The inlet, which will often be of the order of 0.4-4 mm in diameter in hearing devices also presents a way for environmental substances such as water, grit, dust, etc. to affect the functioning of the hearing device as the substances may enter the inlet. In some hearing devices an environmental filter is placed within the inlet to reduce the possibility of such environmental substances damaging or hampering the function of the hearing device. To keep out undesired substances an environmental filter would ideally have a very small pore size, but at some point the pore size becomes small enough that the filter is not acoustically neutral and the environmental filters are therefore chosen to have a larger pore size than the ideal to ensure that the environmental filter is acoustically neutral.
The damping filter is configured to acoustically dampen sound in the frequency range, where the microphone has increased sensitivity. By its presence and filter structure, the damping filter will also act as an environmental filter to some degree. An environmental filter, though, is designed to be acoustically transparent, which the damping filter is not. However, by damping the sound in the frequency range, where the inlet causes increased sensitivity, the combination of the inlet and the damping filter approaches being acoustically transparent.

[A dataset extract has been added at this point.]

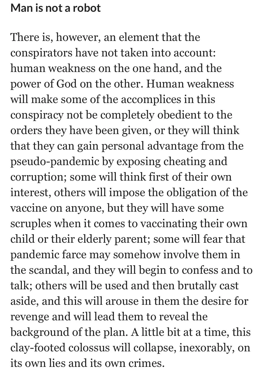 There is, however, an element that the conspirators have not taken into account: human weakness on the one hand, and the power of God on the other. Human weakness will make some of the accomplices in this conspiracy not be completely obedient to the orders they have been given, or they will think that they can gain personal advantage from the pseudo-pandemic by exposing cheating and corruption; some will think first of their own interest, others will impose the obligation of the vaccine on anyone, but they will have some scruples when it comes to vaccinating their own child or their elderly parent; some will fear that pandemic farce may somehow involve them in the scandal, and they will begin to confess and to talk; others will be used and then brutally cast aside, and this will arouse in them the desire for revenge and will lead them to reveal the background of the plan. A little bit at a time, this clay-footed colossus will collapse, inexorably, on its own lies and its own crimes.

An additional benefit of the damping filter is that it may also dampen sound at ultrasound frequencies. While ultrasound frequencies are normally not heard by humans, they can saturate microphones and create problems in the delicate sensors and electronics of the hearing device. Thus, dampening of ultrasound frequencies is a desired effect in hearing devices.
The presence of the damping filter in connection with the inlet channel will create noise and in some embodiments, the damping filter configuration is an optimization of the trade-off between the damping and the noise created by the damping filter. The amount of noise created will be dependent on the filter type and the effective filter area. Generally, the smaller the effective filter area is, the more noise will be created. Thus, this may also be a factor when configuring the damping filter.
The response of the microphone to the presence of the inlet may differ for each type and model of microphone and so a configuration of damping filter, which has a desirable effect when combined with one type and model of microphone will possibly have a lesser effect in combination with another type of microphone. Therefore, a damping filter will likely need to be configured for each type and/or model of microphone.
An additional advantage of the damping filter is its response to clogging, which any filter will experience to some degree over time. The increase in sensitivity of the microphone due to the presence of the inlet presents itself as a peak in the frequency response of the microphone. As the damping filter gets clogged, the cross-section of the inlet at the position of the filter area will decrease, which has the effect of the peak in the frequency response moving towards lower frequencies, i.e. the increase in sensitivity shifts towards lower frequencies. However, the clogging of the damping filter will lead to an increase in damping, which means that the shifted peak will be still be dampened even though the damping filter was designed to dampen sound at higher frequencies.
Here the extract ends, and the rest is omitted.